Military looks at foreign recruits to boost ranks

Canada's military is considering lifting a longstanding citizenship requirement as a way to boost its numbers. Right now, Canadian citizenship is a key requirement for enlistment, with waivers offered in exceptional cases.

Review underway to consider lifting citizenship requirement for Canadian Armed Forces

Members of the Canadian Armed Forces march during the Calgary Stampede parade in Calgary, Friday, July 8, 2016. (Jeff McIntosh/Canadian Press)

Canada's military is considering lifting a longstanding citizenship requirement as a way to boost its numbers.

Right now, the Canadian Armed Forces (CAF) offers waivers to foreign nationals only in exceptional cases — to individuals on international military exchanges, for example, or to candidates who have specialized skills in high demand.

That citizenship requirement is now under review.

"In line with the government of Canada's objective of raising the numbers of Forces personnel, there are currently initial discussions to review the possibility for foreign nationals' recruitment beyond skills applicants," Byrne Furlong, spokeswoman for Defence Minister Harjit Sajjan, wrote in an email. "It is too early to mention anything about any results or conclusion of such review‎."

DND spokesman Maj.
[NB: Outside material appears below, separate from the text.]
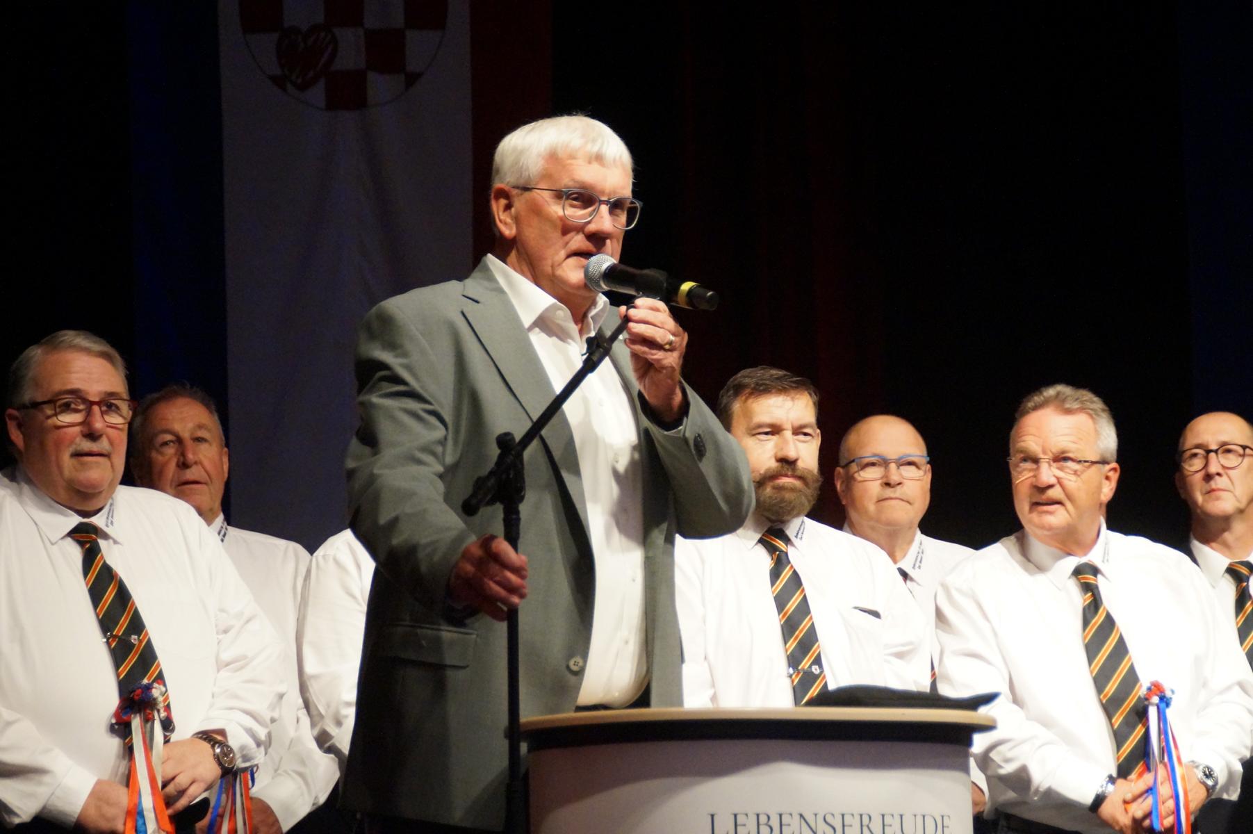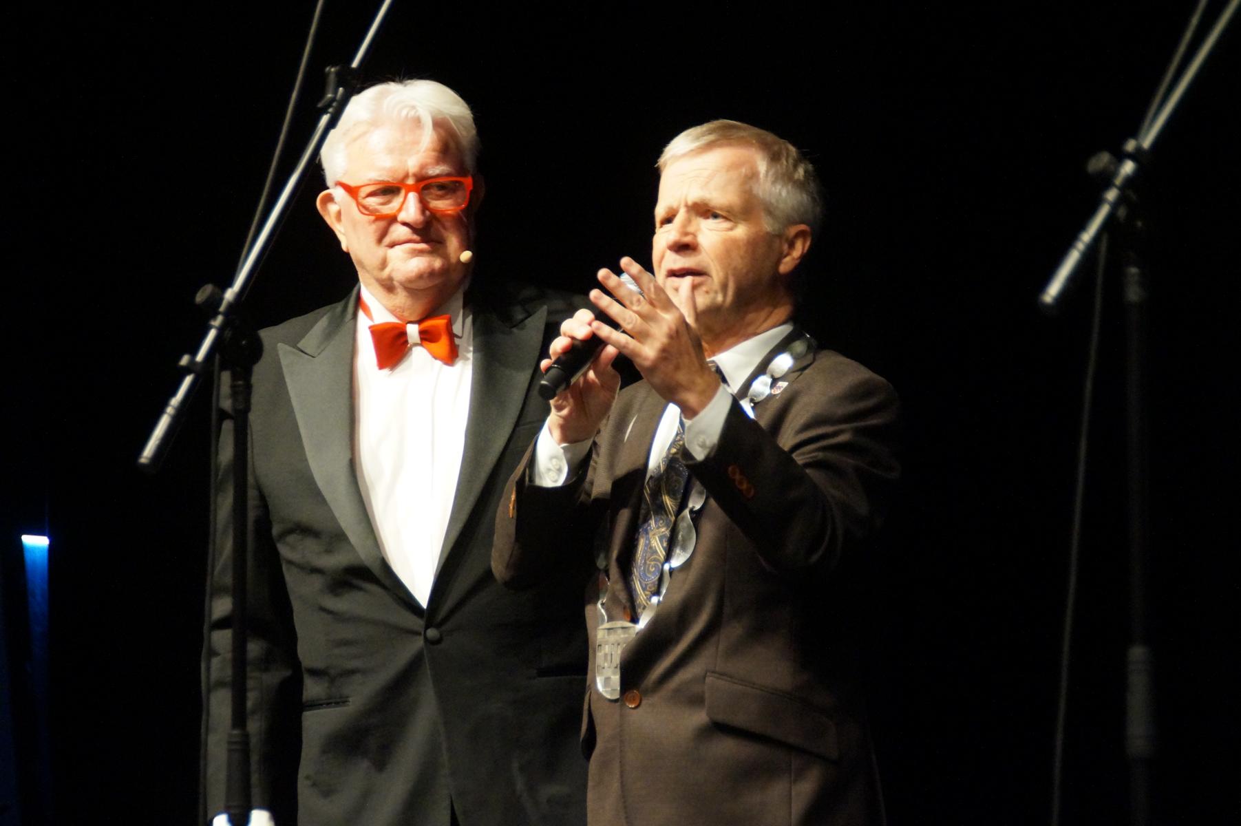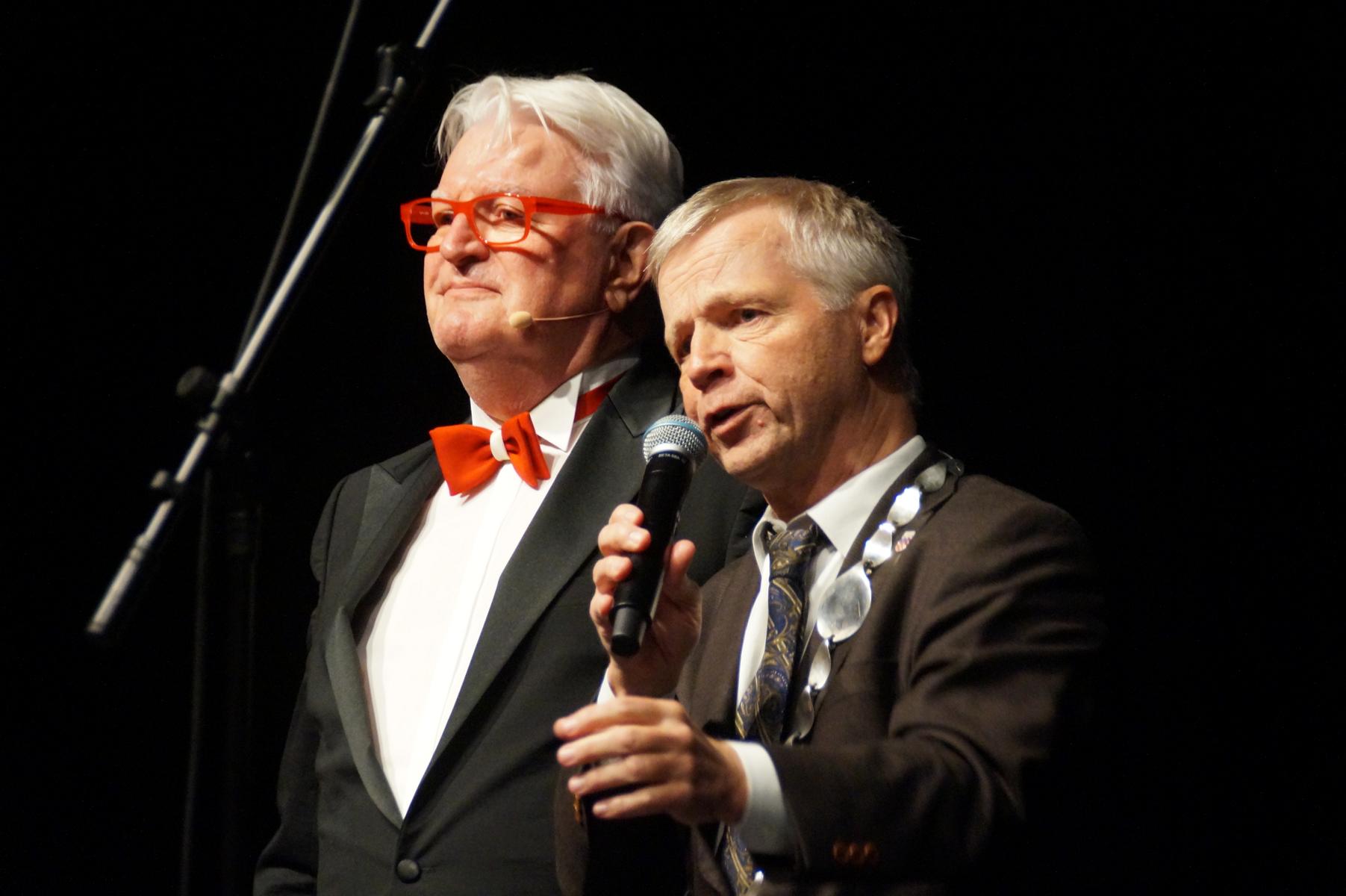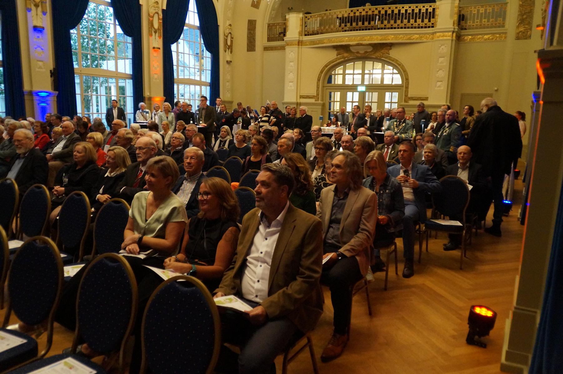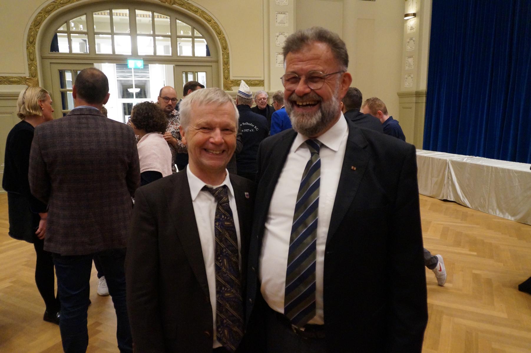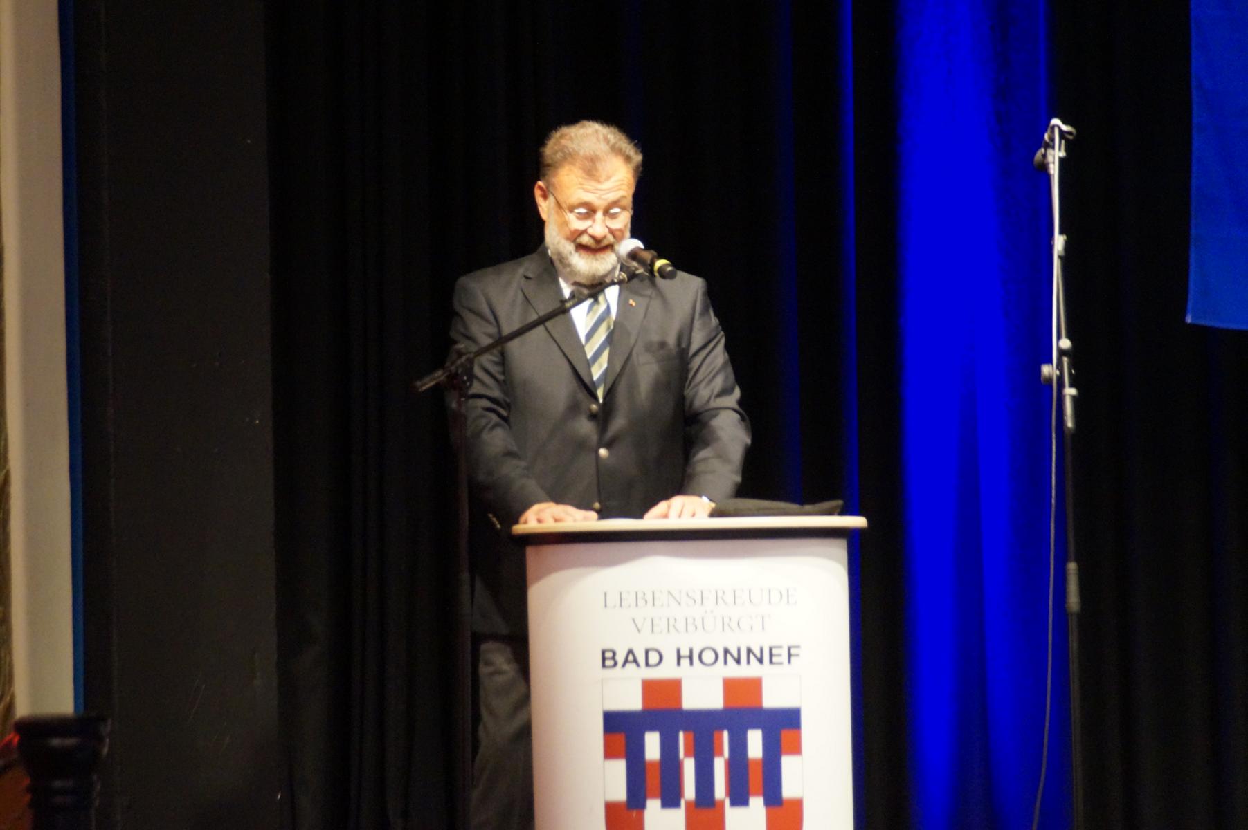 Der festlich geschmückte Kursaal bot den würdigen Rahmen für die Veranstaltung. Vertreter aus Politik, Verwaltung, Vereinen und Bürgerschaft waren gekommen, um Otto Neuhoff zu ehren. Die Moderation übernahmen Thomas Heyer und Peter Hurrelmann, die mit Charme und Witz durch den Abend führten. Sie erinnerten augenzwinkernd daran, dass Neuhoff „elf Jahre und 111 Tage“ im Amt war – eine Zahl, die im Rheinland nicht zufällig gewählt schien.

Alexandre Munoz said the existing Skilled Military Foreign Applicant program is open to any foreign applicant with a specialized skill set that would reduce training costs or fill particular needs — a trained pilot or a doctor, to cite two examples.

Only two foreign nationals were accepted into the Forces last fiscal year.

"It is understood that many foreign nationals and permanent residents have applied to join the CAF, but the majority have been refused as they do not meet IRCC guidelines and requirements," Munoz said in an email.

Lifting the Forces' citizenship requirement would be a sharp departure from Canada's traditional recruitment practices and could open the doors to applications from thousands of permanent residents.

Vancouver immigration lawyer Zool Suleman said he supports the change. He argues that recruitment should be based on capability, not on whether the candidate is a citizen or on the path to become one.

Recruit based on ability

"I think people can be tested and examined in terms of security and ability and should be able to serve if they want to serve," he said.

"If you are loyal to Canada, if you have lived here a short time but you really understand what Canada is about and you really want to serve this country in that way, I don't understand why permanent residents should not be allowed to serve."

Other countries — the U.S. among them — allow non-citizens to serve, with certain restrictions on the positions and ranks they can hold.

"Green card holders have always been welcome to serve and (are) a key component of our military team," said U.S. Department of Defence spokeswoman Major Carla Gleason in an email. "Expedited citizenship is offered to service members who have completed initial training and 180 days of consecutive honourable service."

The British army also welcomes citizens of Commonwealth countries into its ranks, while the French Foreign Legion recruits soldiers from countries around the world.

While the CAF recently has seen a modest increase in the number of military personnel, it is still struggling to reach full strength, falling about 2,000 short in regular-force members and 5,300 in reservists.

Matthew Overton, executive director of the Conference of Defence Associations Institute and a retired brigadier-general who commanded the Forces recruiting group, said there are potential benefits and risks to allowing foreign nationals to join the Canadian Armed Forces.

"It's not simply that it will be opening a door to more people who can do jobs in the Forces. It's going to come with some complexity that we're not used to dealing with on a regular basis," he said.

"So we'd have to really think about that and be prepared to deal with some of those issues on a case-by-case basis with those individuals, to think about what that means."

Equity targets

In 2016, the RCMP scrapped its citizenship requirement, allowing permanent residents who have lived in Canada more than 10 years to apply. The goal was, in part, to boost diversity in the ranks.

Lifting the citizenship requirement could help meet the military's equity targets, which aim to have an Armed Forces composed of 25.1 per cent women, 3.5 per cent Indigenous people and 11.8 per cent visible minorities.

The current Forces makeup is 15.4 per cent women, 2.8 per cent Indigenous and 8.2 per cent visible minorities, though some choose not to not self-identify as belonging to one of the targeted groups.

Overton said there are benefits to increased diversity which could be enhanced by opening recruitment to permanent residents.

"Be aware of the individual and their circumstance, as we would be with looking at anyone for the Armed Forces, and take advantage of the opportunities, of the skills, knowledge sets and some of the understandings that they bring with them that would help Canada do a better job in influencing the world," he said.

In June 2014, the Conservatives established a new program that allowed foreign nationals who served with the Forces to apply for fast-tracked citizenship. According to figures provided by Immigration, Refugees and Citizenship Canada, 98 applicants out of 109 have been approved to date.

Of those applicants, 56 were from England; the remainder came from a long list of countries, including Australia, Germany, Hungary, Singapore, South Africa, the United Arab Emirates and the U.S.